It sounds as though that this estate might be eligible for a small estate certificate. If a decedent’s estate is valued at less than $40,000, a small estate certificate may be obtained 30 days after the decedent’s death by a distributee without going through the full probate process. The distributee, called an “affiant,” must file an affidavit promising to use the decedent’s assets to pay debts and distribute the property according to law. Publication is required unless the estate is valued at less than $15,000. Surviving spouses and the decedent’s minor children can file what are called “refusals of letters” to have their statutory allowances paid from a decedent’s estate if the estate is valued at a lesser amount than the allowances. Determination of heirship
can be accomplished if, within a year of the date of death, no probate estate was opened and no will presented for probate. A petition may be filed to obtain a judgment determining heirship.
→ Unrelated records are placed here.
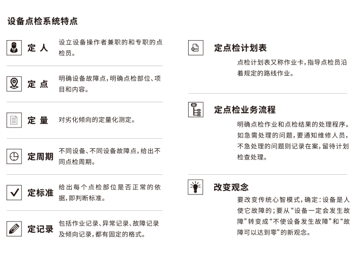 點(diǎn)檢是車間設(shè)備管理的一項(xiàng)基本制度,目的是通過點(diǎn)檢準(zhǔn)確掌握設(shè)備技術(shù)狀況,維持和改善設(shè)備工作性能,預(yù)防事故發(fā)生,減少停機(jī)時(shí)間,延長設(shè)備壽命,降低維修費(fèi)用,保證正常生產(chǎn)。
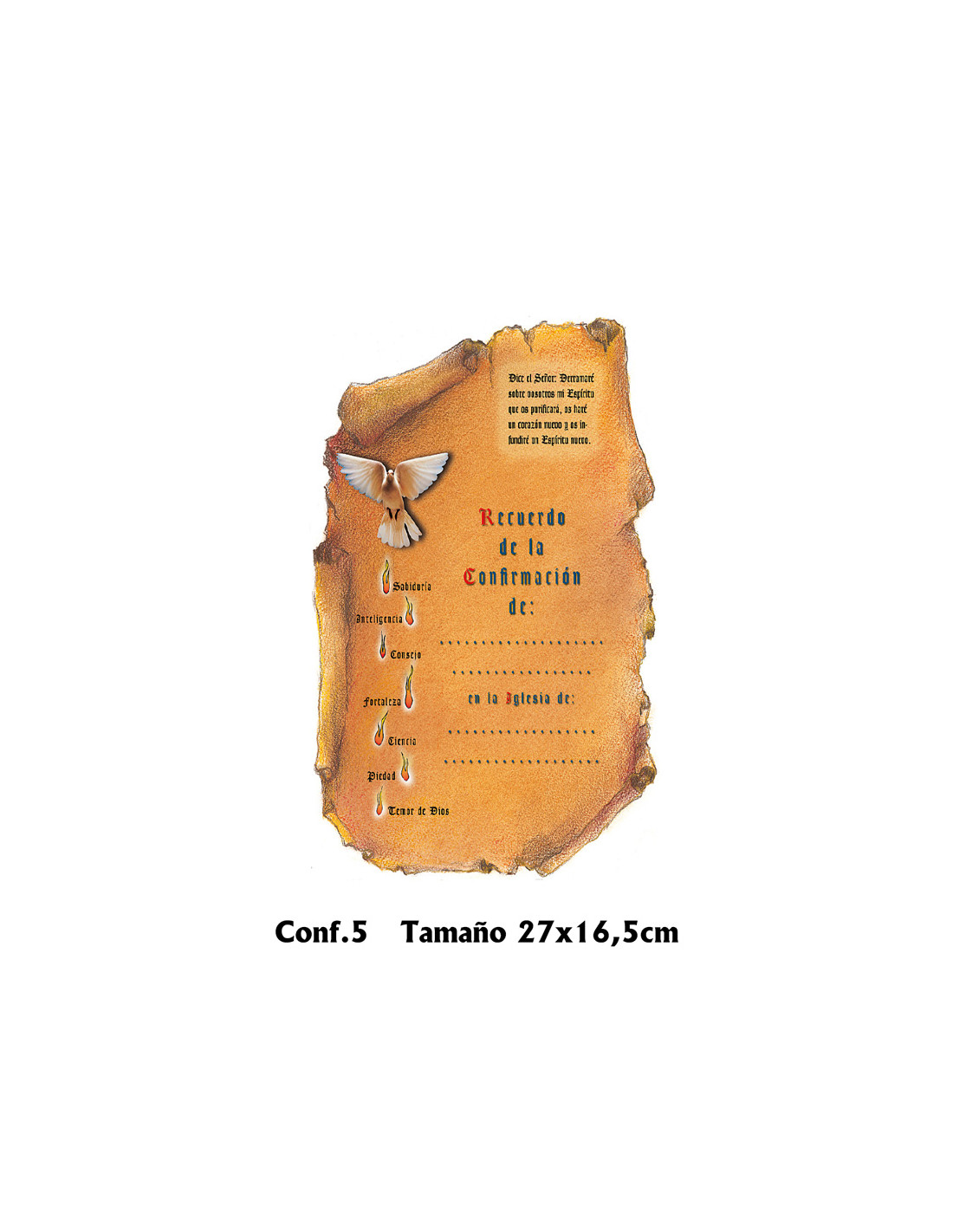Diploma Confirmacion Mod Conf.5 27X16.5Cm Pergamino Con Paloma Que Sopla
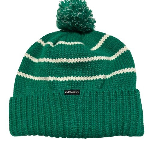 Adidas Kids OS Green White Striped Knit Pom-Pom Beanie Logo Hat With Lining
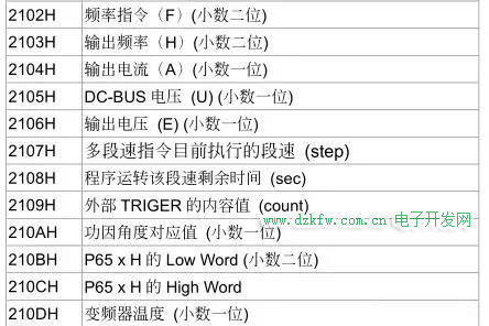 輸出電壓地址2106H 變頻器溫度地址 210DH
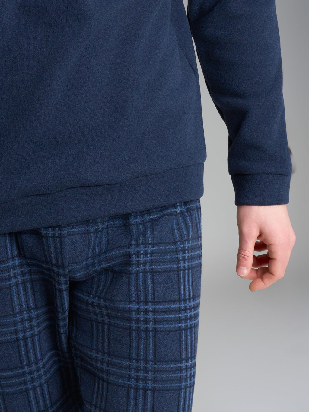 Pigiama serafino con fantasia a macro quadrati in Cotton Eco Pile - Fant.Indigo
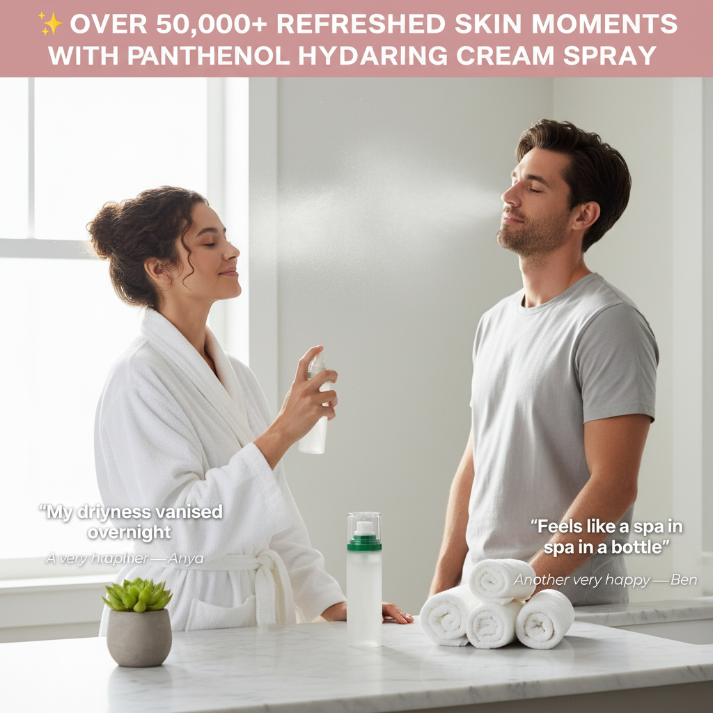 Witness real transformations as skin drinks in our hydrating cream spray. From desert-dry to dewy glow, see how a simple mist can boost confidence and comfort.
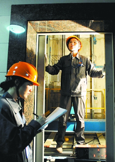 有时电梯需要在运动中检验,女士头发要包扎好,稍有不慎,头发可能被运动部件夹住酿出惨祸。井道密闭,光线不好,戴着安全帽,需要带手电筒认真检查零部件,还要防止坠落,瞬间的疏忽可能致命,尤其遇到问题电梯。
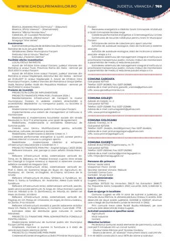 WWW.GHIDULPRIMARIILOR.RO JUDE%u021aUL VRANCEA / 769Biserica %u201eNa%u0219terea Maicii Domnului%u201d %u2013 (S%u0103punari)Biserica %u201eSfin%u021bii Voievozi%u201d %u2013 (Stamatine%u0219ti)Biserica %u201cSf%u00e2ntul Nicolae Nou%u201dCatedrala %u201eSf. Cuvioas%u0103 Parascheva%u201dBiserica Armean%u0103 %u201eSf%u00e2nta Maria%u201d Sinagoga %u201cAhai Vereai%u201dEvenimente:Evenimentele prilejuite de s%u0103rb%u0103torirea Zilei Unirii Principatelor Rom%u00e2ne de la 24 ianuarie 1859S%u0103rb%u0103toarea Zilelor Municipiului Foc%u0219aniFestivalul Viei %u0219i Vinului %u201dBachus%u201d Festivalul %u201eFlorentin Delmar%u201dFacilit%u00e3%u0163i oferite investitorilor:LOCALIT%u0102%u021aILE %u00ceNFR%u0102%u021aITEAcord de %u00eenfr%u0103%u021bire %u00eentre ora%u0219ul Foc%u0219ani, jude%u021bul Vrancea din Rom%u00e2nia %u0219i ora%u0219ul Tivoli, Provincia Roma din Italia - semnat pe 25.01.2012 %u00een ora%u0219ul Foc%u0219ani Acord de %u00eenfr%u0103%u021bire %u00eentre ora%u0219ul Foc%u0219ani, jude%u021bul Vrancea din Rom%u00e2nia %u0219i ora%u0219ul Majdanpek, districtul Bor din Serbia - semnat pe 01.05.2017 %u00een ora%u0219ul Majdanpek 3. Acord de %u00eenfr%u0103%u021bire %u00eentre Municipiul Foc%u015fani, Jude%u021bul Vrancea din Rom%u00e2nia %u0219i Ora%u015ful %u015etefan Vod%u0103, Raionul %u015etefan Vod%u0103 din Republica Moldova - semnat pe 06.07.2022 %u00een ora%u0219ul Foc%u0219ani.Proiecte de investi%u0163ii:PROIECTE %u00ceN CURS DE IMPLEMENTAREPROIECTE FINAN%u021aATE PRIN POR ( finalizare 2024 )Resistematizarea infrastructurii de transport la nivelul municipiului Foc%u0219ani %u00een vederea cre%u0219terii atractivit%u0103%u021bii %u0219i accesibilit%u0103%u021bii deplas%u0103rilor cu transportul public, cu bicicleta %u0219i pietonaleModernizarea transportului public %u00een municipiul Foc%u0219aniImplementarea unui sistem de management al traficului %u0219i monitorizareReabilitarea %u0219i modernizarea locuin%u021belor sociale din strada Revolu%u021biei nr. 16 %u0219i 17 %u0219i amenajarea unor spa%u021bii de agreementReabilitarea, modernizarea %u0219i extinderea Sistemului de iluminat publicCrearea unui Centru Multifunc%u021bional pentru activit%u0103%u021bi educative, culturale, recreative %u0219i socialeReabilitarea, modernizarea %u0219i dotarea Cre%u0219ei nr. 1Cre%u0219terea performan%u021bei energetice %u0219i lucr%u0103ri conexe pentru cl%u0103direa internat a Liceului cu program sportivReabilitarea , modernizarea cl%u0103dirilor %u0219i echiparea infrastructurii educa%u021bionale a Gr%u0103dini%u021bei nr. 1PROIECTE FINANTATE PRIN PNI %u2013 Anghel Saligny ( 2023-2026)Refacere trotuare , alei, parcaje %u0219i covor asfaltic strada Mare a UniriiRefacere infrastructur%u0103 str%u0103zi, sistematizare vertical%u0103 str. Timi%u0219, str. N. B%u0103lcescu, str. Predeal (tronson cuprins %u00eentre strada Ion Creang%u0103 %u0219i Grigore Ionescu) %u0219i repara%u021bii si a%u0219ternere covoare asfaltice carosabil str.Magazia G%u0103riiRefacere infrastructur%u0103 str%u0103zi, sistematizare vertical%u0103 str. Prof. C. Stere, str. Ecaterina Varga, str. Bujor, str. Agriculturii, str.Mure%u0219ului, str. Cernei, str.Dog%u0103riei, str.Cri%u0219ana, str.Greva de la Grivi%u021baRefacere infrastructur%u0103 str.Alecu Sihleanu %u0219i fund%u0103tura, str.Maior G. Son%u021bu %u0219i fund%u0103tura, str. Aviatorilor, Aleea Cuza Vod%u0103 %u0219i fund%u0103turaRefacere infrastructur%u0103 str%u0103zi, sistematizare vertical%u0103, parc%u0103ri, spa%u021bii verzi %u0219i accese pentru str. N. Iorga, str. Oituz (tronson cuprins %u00eentre str. M%u0103r%u0103%u0219ti %u0219i str. D. Zamfirescu), str. Miori%u021ba, str. %u0218tefan cel Mare, str.Eroilor, str.V%u0103miiRefacere infrastructur%u0103 str%u0103zi, sistematizare vertical%u0103 str. F%u0103g%u0103ra%u0219, str. Gh. Potop, str. Ghioceilor, str.Arge%u0219, str.Dinicu Golescu, str.Zorilor, P-%u021ba VictorieiRefacere infrastructur%u0103 stradal%u0103 %u0219i parc%u0103ri adiacente str%u0103zilor Maior Gh. Pastia, M. Kog%u0103lniceanu, D. Cantemir, Cuza Vod%u0103 - PT8Extindere re%u021bea de distribu%u021bie gaze naturale %u00een cartier M%u00e2ndre%u0219tiPROIECTE CU FINANTARE PRIN ADMINISTRATIA FONDULUI PENTRU MEDIUModernizarea sistemului de iluminat public din Municipiul Foc%u0219ani (AFM) etapa IIAmplasare, montare %u0219i punere %u00een func%u021biune a 5 sta%u021bii de re%u00eenc%u0103rcare ma%u0219ini electrice (AFM)PROIECTE CU FINAN%u021aARE PRIN PNRRCre%u0219terea eficien%u021bei energetice a cl%u0103dirii Prim%u0103riei Municipiului Foc%u0219aniRenovarea energetic%u0103 a cl%u0103dirilor %u0218colii Gimnaziale Al.Vlahu%u021b%u0103 %u0219i %u0218colii Gimnaziale Nicolae IorgaCre%u0219terea performan%u021bei energetice a Cinematografului UnireaConstruirea de locuin%u021be nZEB plus pentru tineri %u00een Municipiul Foc%u0219ani%u00cenfiin%u021barea de centre de colectare prin aport voluntarAchizi%u021bia de autobuze ecologice, sta%u021bii de %u00eenc%u0103rcare %u0219i sisteme asociateAchizi%u021bia de autobuze ecologice, sta%u021bii de %u00eenc%u0103rcare %u0219i sisteme asociate -etapa a II aExtinderea sistemului de management integrat al traficului %u0219i prioritizarea transportului public, inclusiv m%u0103suri de monitorizare a parametrilor de mediu %u0219i reducerea polu%u0103rii Extinderea sistemului de management integrat al traficului %u0219i prioritizarea transportului public, inclusiv m%u0103suri de monitorizare a parametrilor de mediu %u0219i reducerea polu%u0103rii etapa a II aCOMUNA GAROAFACod po%u0219tal: 627140Telefon: 0237-263805; Fax: 0237-263881; Adresa de e-mail: primaria_garoafa_vrancea@yahoo.comURL: www.garoafa.primarievn.roCOMUNA GOLE%u015eTIAdres%u0103: str.Cotesti, nr. 2Cod po%u0219tal: 627150Telefon: 0237-212989; Fax: 0237-212989; Adresa de e-mail: comunagolesti@yahoo.comURL: www.primariagolesti.roCOMUNA GOLOGANUAdres%u0103: Tinere%u0163ii, nr. 9Cod po%u0219tal: 627206Telefon: 0237-
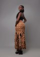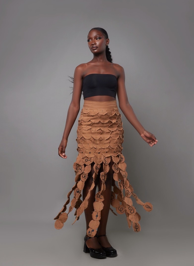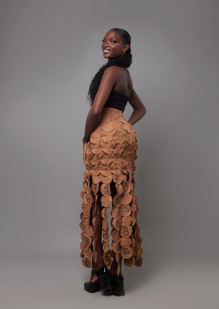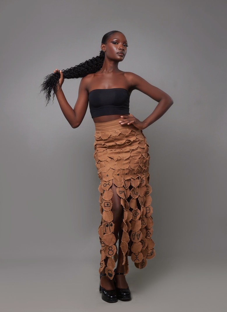 The Agile skirt is a textile artwork inspired by nature and forgotten languages. Entirely made from an assemblage of layered, cut-out shapes, it evokes lush, living vegetation in constant motion. Each element is carefully embroidered and punctuated with hand-painted letters from the Bété alphabet, giving the piece a vibrant and symbolic dimension. Halfway between sculpture and garment, this skirt celebrates grounding and connection to the earth, while letting the lower panels flow and move freely with the body. It embodies a powerful, rooted femininity, in continuous dialogue with memory and gesture.
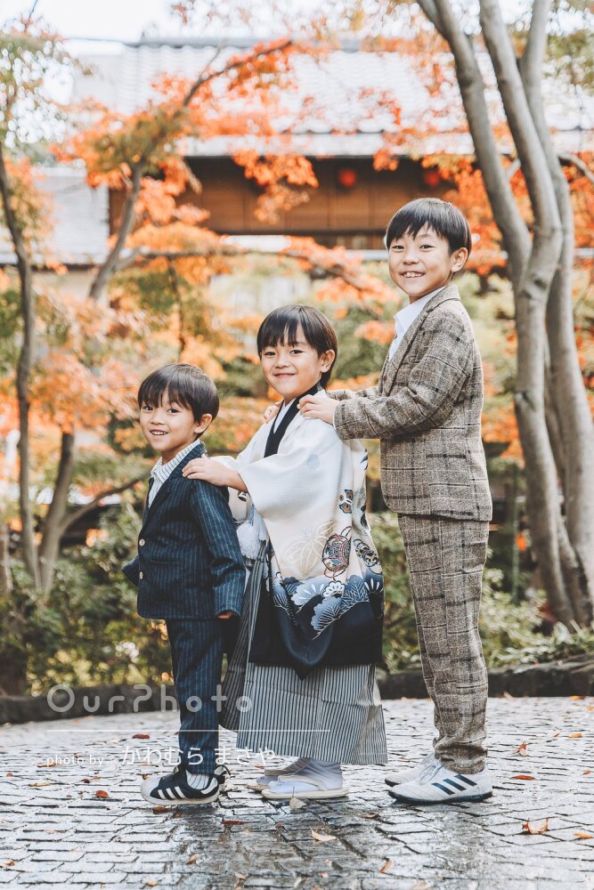 「不思議なくらい素敵な写真」黄色の羽織袴が神社に映える七五三の撮影
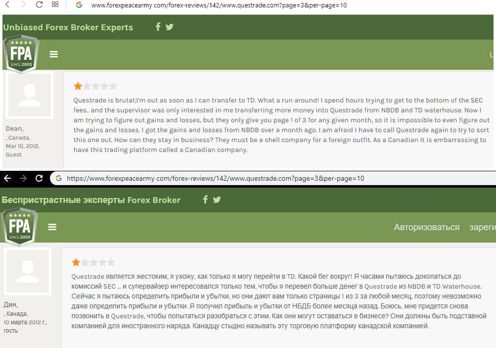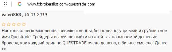 - Отзыв о коварных мошенниках из лохотрона Questrade
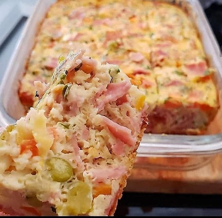 Numa vasilha coloque todos os ingredientes e misture muito bem. Só misturar mesmo tá gente? Não precisa bater primeiro o ovo nem nada. Depois de tudo misturado, despeje em uma forma untada e enfarinhada e leve ao forno em temperatura de 180 graus por mais ou menos uns 30 minutinhos. Ou até que a omelete esteja completamente assada. O tempo pode variar de forno para forno.
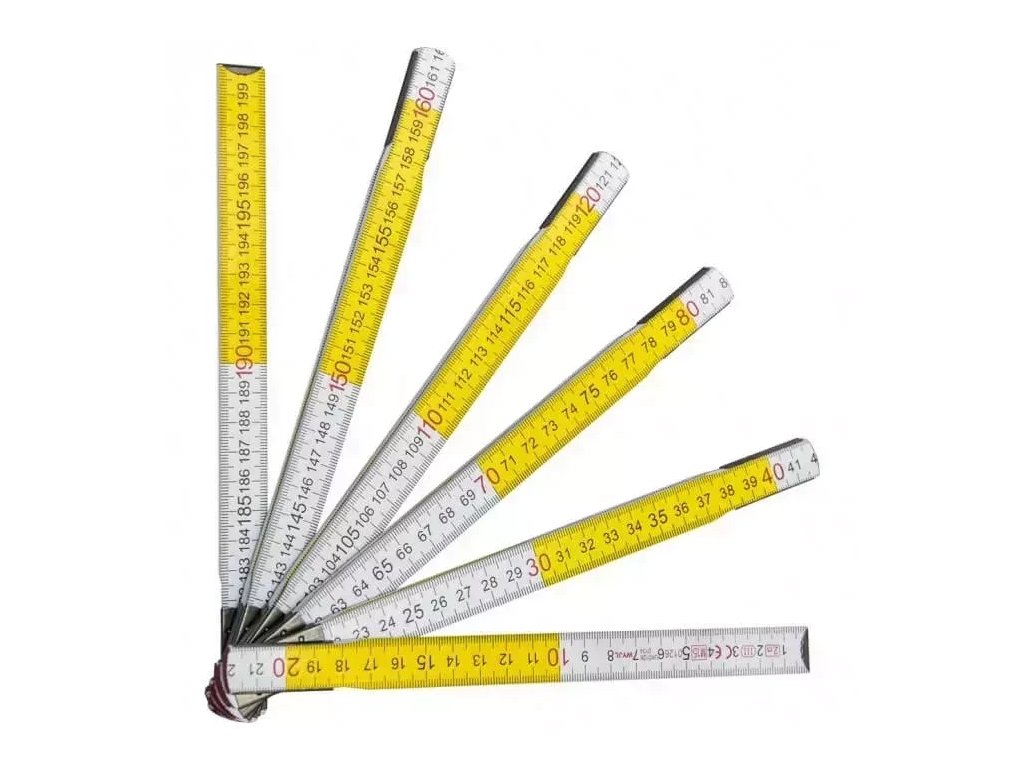 Skladacia, bielo-žltá stupnica, z javorového dreva, spájané pozinkovanými nitmi, trieda presnosti: MID III, dĺžka: 2 m
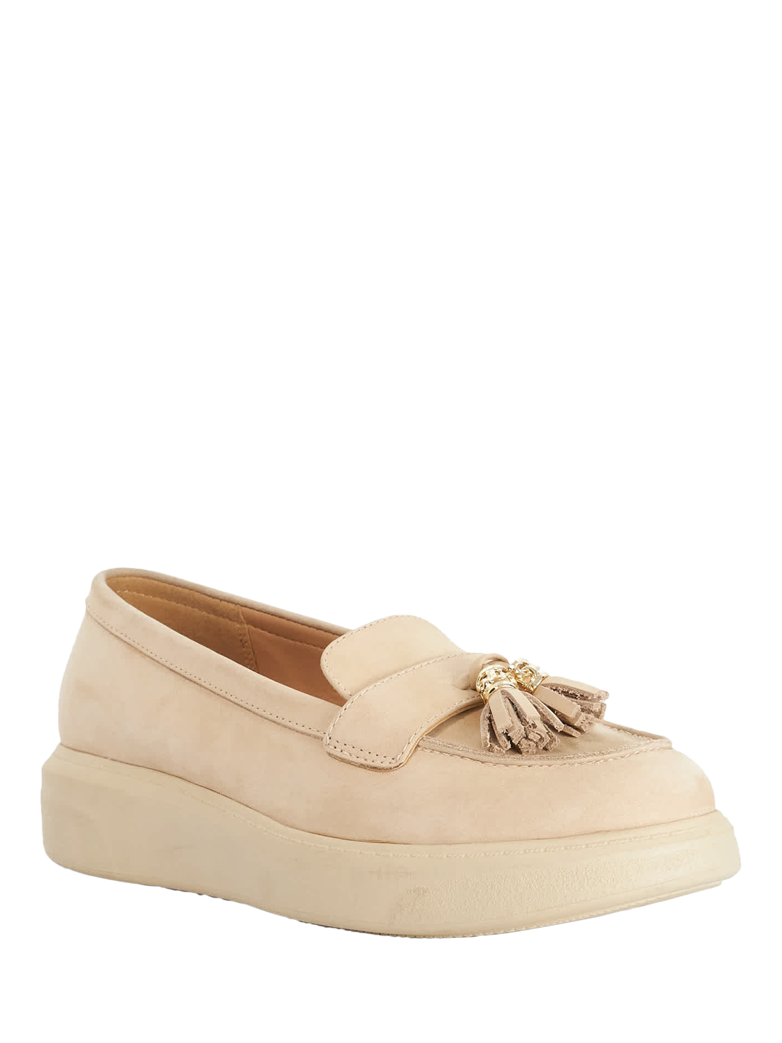 Dune London suede loafers, designed for the smart day. The flatform heel adds subtle lift, while the round toe and cushioned insole keeps things comfortable.
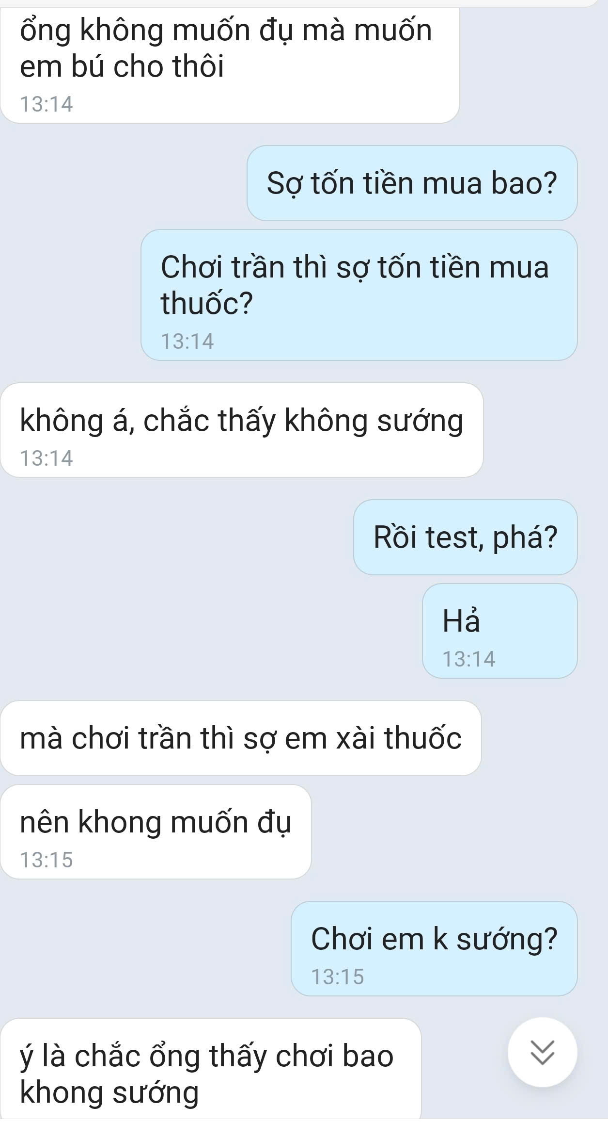 gái mới lớn nên yêu đương còn màu hồng lắm. Gặp thằng vừa nghèo vừa hèn, đòi yêu múi mít thơm phức, đến tiền trả ks còn muốn con bé trả cho. T đang thao túng để con bé ghét thằng bồ, cho t độc chiếm cả thể xác lẫn tâm hồn kkksau con em vợ có cưới thằng ny nó k nhỉ

Therefore I would recommend you file a Petition if there was a legal separation or pending divorce proceeding in order to disqualify the wife from intestate succession. As landlord, if the "wife" doesn't have the legal right to enter the premises, you don't have to allow access unless she produces a Court order for access to certain property. If she does have a legal right then you probably can't deny her access. If she unlawfully disposes of the assets and the Judge find that she would take nothing under the law, then the heirs
would have a legal cause of action against her for the value of the property that was wrongfully taken.